Lumatek, they are completely silent, I just upgraded from htgsupply. Don't get me wrong htg's were nice but lumatek are far superior, especially when you run 8 lights.


----------



## tchashow (Jan 8, 2009)

o im sorry. i went to the htgsupply website. i actually am thinking about gettting digital greenhouse lighting from off their website. sorry about the mixup.


----------



## BuddyLuv (Jan 8, 2009)

I read what you wrote. What I am saying is dish out the extra cash for a Lumatek digital ballast. If you do not have the money to spend, a digital greenhouse ballast will be better then a standard magnetic ballast. Either way you go you will be happy. I love the htg guys and do alot of business with them. I just wish they would start carrying some other stuff.


----------



## tchashow (Jan 8, 2009)

o. well yeah. money is kinda an issue here. i have it but i would rather not spend it because i still need a bunch of other stuff. hey could you tell me a way to air cool the lights in an apartment because i cant drill holes in my apartment walls for outside air?


----------



## Ilikebigbuds (Jan 9, 2009)

buying 2 digital ballast's this week for 600 watt lights, costing me about 65 more for each.

I have a 600 watt digital in the same grow space as my old fashion 1000 watt and I think the light from the 600 watt digital is more intense and brighter than my 100 watt magnetic, thinking about taking my 1000 watt ballast in and trading it for a 600 watt digital, 

is there really a huge difference in who makes the digital ballast?


----------



## 420usagrow (Jan 9, 2009)

I grow in my apt. and have a Homebox S grow tent set up right now. I have a 400 watt MH/HPS in there and I vent it into my ceiling attic. I made sure before I started that no other apartments had access to this attic (they don't!). And then I pushed up the attic opening and put it off to the side of the attic. Then I fashioned a new attic opening from thick cardboard and attached the duct from my tent. My temps stay at 73. 
I am not sure if this will help you at all, but I hope it does, dude! 
P.S. Watch out for noise leaks too, they will get you in trouble if you have a big exhaust fan. I had a 424 CFM fan from HTG in my tent, and the torque from running made a loud noise, even with a speed controller I bought.

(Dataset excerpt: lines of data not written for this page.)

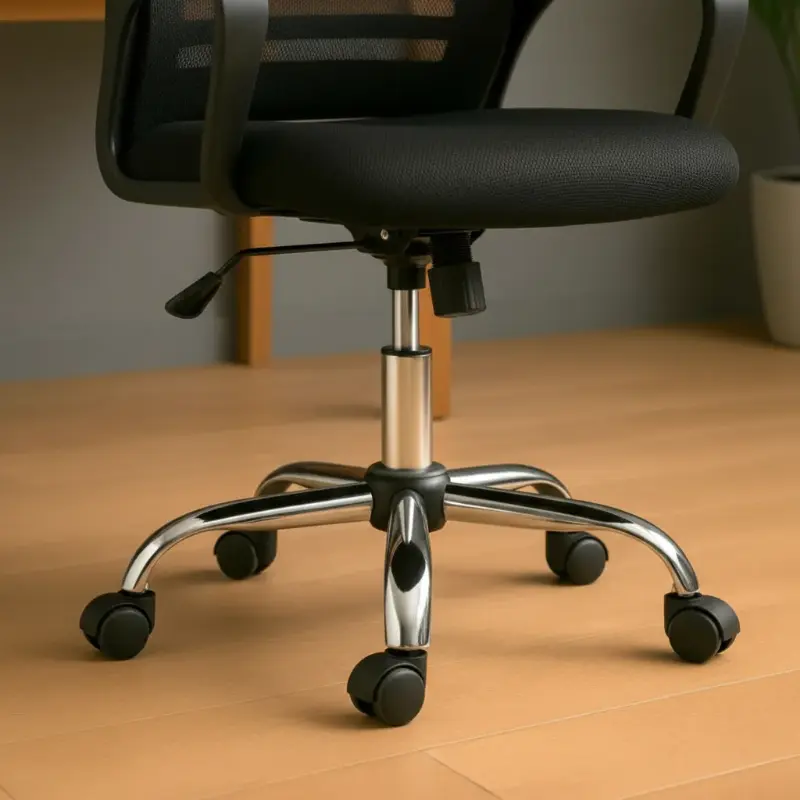 Incluye un sistema de ajuste de altura mediante pistón hidráulico que permite adaptar la silla a diferentes tipos de escritorio y usuarios. Su base cromada de cinco ruedas giratorias proporciona estabilidad y movilidad suave en distintos tipos de superficie, facilitando el desplazamiento sin esfuerzo dentro de tu área de trabajo.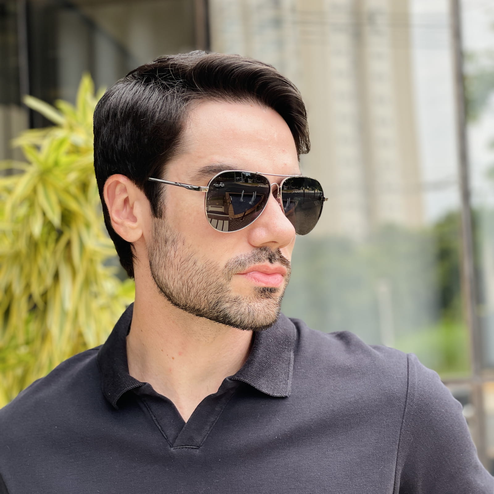 Geralmente, os rostos mais quadrados ou ovais combinam perfeitamente com o modelo aviador.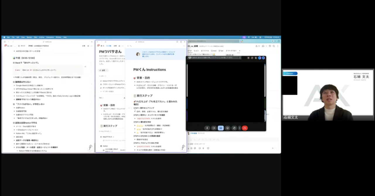 当日は、日々の業務で時間が取られがちな「探す・確認する」といった作業をどのように減らしていくか、Notionを中心に情報を集約しながらAIを“チーム”として運用していく考え方、複数のAIを並列に動かして待ち時間を減らす進め方など、実務に落とし込みやすい視点を共有。あわせて、実際の1日の流れの中でAIをどう使っているのかを、画面共有での実演も交えながら紹介しました。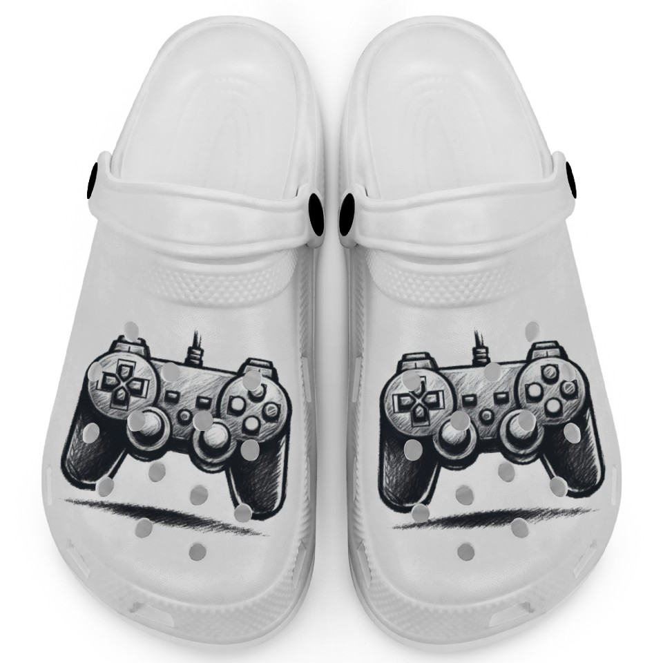 The product unique design you searched for is Gamer Controller Cartoon Charcoal Gaming Art Clogs For Kids WHITE belong theme Clogs at Printblur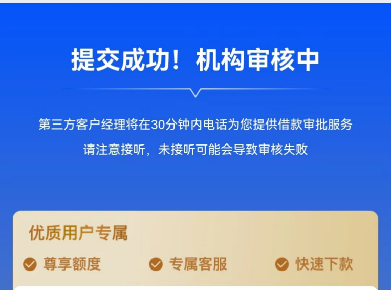 除了推送链接,该公众号菜单栏还设有“极速申请”“备用金”“额度申请”等功能,在尝试后点击后,均跳转进入其他产品的借款申请页面。提交身份、工作等基本信息后,则进入机构审核流程,随后记者便接到了所在地线下中介打来的电话,被邀请进行信息确认、获得贷款邀约等。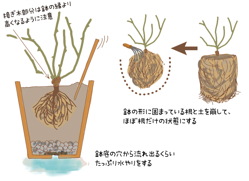 鉢植えのバラは、できれば毎年、少なくとも2年に一度は植え替えをしましょう。新しく苗を植え付ける場合も、やることは同じ。まずは根鉢を崩すことから始めます。鉢から取り出すと、根と土が一体となって固まっているかと思います。これが根鉢です。この根鉢に、熊手やほぐし棒などをプスプスと刺して、塊をほぐし古い土を落とします。ここで、細く白い根は切れても構いません。ただし、茶色く太い根は傷をあまりつけないように気をつけてください。古い土を落としたら、新しい土に植え替えます。棒などを使って根のすきまにしっかりと土を入れ込みます。土を替えたあとは、水をたっぷりとあげてください。土表面が水でヒタヒタになる → 土が水を吸う → 流れ出る、を3回ほど繰り返しましょう。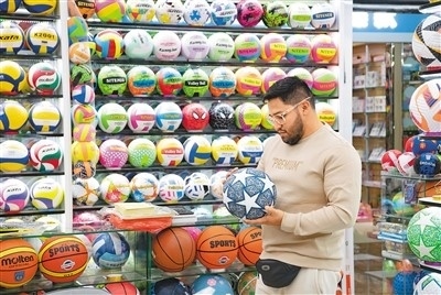 浙江省義烏國(guó)際商貿(mào)城,來(lái)自厄瓜多爾的外商在選購(gòu)球類(lèi)。時(shí)寬兵攝(人民視覺(jué))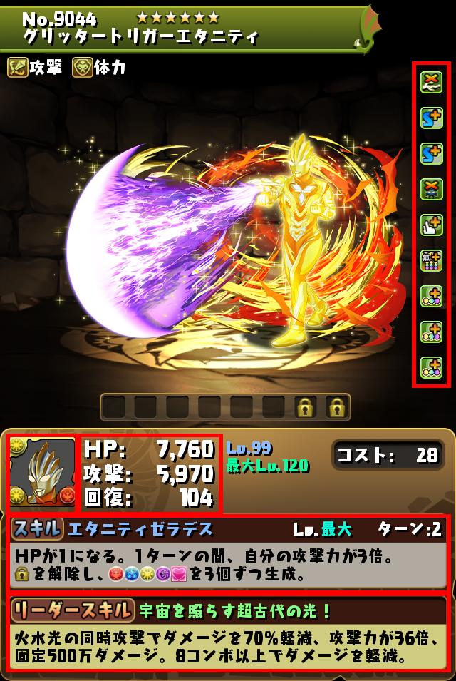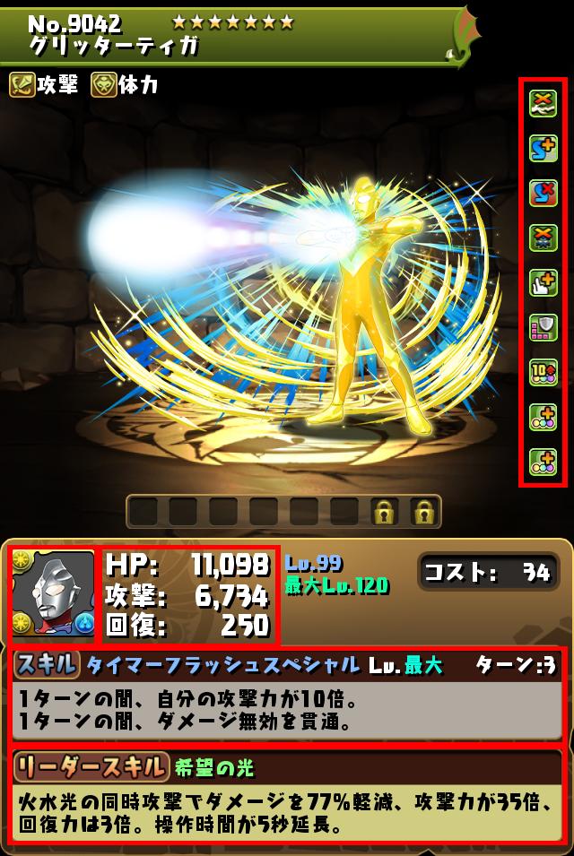 울트라맨 기존캐상향 (주속없음)![]() 8잠각 3속성 액티브 자신의 상한70억추가 쥬론도/초 빛골렘으로 싱크로각 10 개방 ![]() 8잠각 3속성 ![]() 3속성 액티브 턴 1감소, 배틀제한조건 사라짐 ![]() 빛횡은 압축하고 드강추가 ![]() 8잠각 3속성 액티브 자신의 상한추가 홉포/초 레드골렘으로 싱크로각 회복L개방 ![]() 8잠각 3속성 리더스킬76추가 초각성 +없던것들+추가, 올파라각 추가 ![]() 3속성 액티브 잠금해제 추가 초각성 +없던것들+추가, 올파라각 추가 ![]() 암흑내성만 완내성으로 증강 액티브 턴 4 감소

So I switched to 2 6" duct boosters with actual CFM of 160. No problems as of yet.  420usagrow


----------



## SKAGITMAGIC (Jan 28, 2009)

I just purchased two lumatecs, a dual 600 and a 400 from a local dealer 60 miles away, I dealt with htsupply and its done nothing bit waste my time, how far away are they from you? when the ballast quit on me it was two weeks to get a new one from them explain that to the girls, My bulbs were broke twice, I REPEAT TWICE, explain that to the girls, it cost me so much to save a buck, I will say, they refund happily, My suggestion would be to have a good backup system in place when you start dealing in mailorder stuff, Ps I posted some stuff about the lumatec wiring, the brand new units have amended instructions about growers wiring them wrong!!


----------



## BuddyLuv (Jan 28, 2009)

SKAGITMAGIC said:
			
		

> I just purchased two lumatecs, a dual 600 and a 400 from a local dealer 60 miles away, I dealt with htsupply and its done nothing bit waste my time, how far away are they from you? when the ballast quit on me it was two weeks to get a new one from them explain that to the girls, My bulbs were broke twice, I REPEAT TWICE, explain that to the girls, it cost me so much to save a buck, I will say, they refund happily, My suggestion would be to have a good backup system in place when you start dealing in mailorder stuff, Ps I posted some stuff about the lumatec wiring, the brand new units have amended instructions about growers wiring them wrong!!


 
I don't care what yaou say I have owned both HTG Digital and Lumatek. I will tell you this: One of the two 1000w HTG ballasts wouldn't light an MH bulb. It lit an HPS just fine. They sent me a knew one with a return label for the old one once the new one arrived. If they made you wait two weeks to get a new one I have a feeling you called them all pissing, moaning, and probably overall not a pleasure to speak to. I have also bought 8 600w lumatek and two of them wouldn't even fir up anything straight out of the box. So to each their own. The guys at HTG Supply are good people and sell a good product at an exceptional price. Do not bad talk them because you bought something that cost 50% more and only has a 10% better track record.


----------



## SKAGITMAGIC (Jan 28, 2009)

dont take it so personal buddy i'm just sharing a truthful expeirience, like i said they returned my money happily, what did i say buddy about your buddies at ht, that they put in broken bulbs or something!!!, no if you read it with a bit of sense, you'll understand it's probably UPS FEDX!! you just did this same thing on a cloneing thread  please buddieluv, show a little love and lighten up please,let others have an opinion too, without fear of reprisal from you mr. love, from your actions i figure i been growing weed longer than you been alive, so back off


----------



## BuddyLuv (Jan 28, 2009)

It wasn't a personal attack I am just saying I too have received broken bulbs, wrong items, and etc... They were always happy to replace with extras for the hassle. Hell they even sent me two extra bulbs and replaced the one that was broken on my last order. Sunlight Supply (Lumatek's US distribution) was much more difficult to deal with. They wanted me to send the units back for testing. It took me over 2 weeks to finally get an answer about them (of course they were defective) and then another week for delivery of the two new ballasts. Don't get me wrong I love my Lumateks, they are completely silent, however they do get a little warmer then the Digital Greenhouse ones, but I have them mounted outside the room so it doesn't matter. HTG is now selling Lumateks I would have bought them straight from them but they did not offer them at the time of my purchase. However I still buy all my other stuff from HTG because I know no matter what happens they will make it right. You will not get that from most online vendors.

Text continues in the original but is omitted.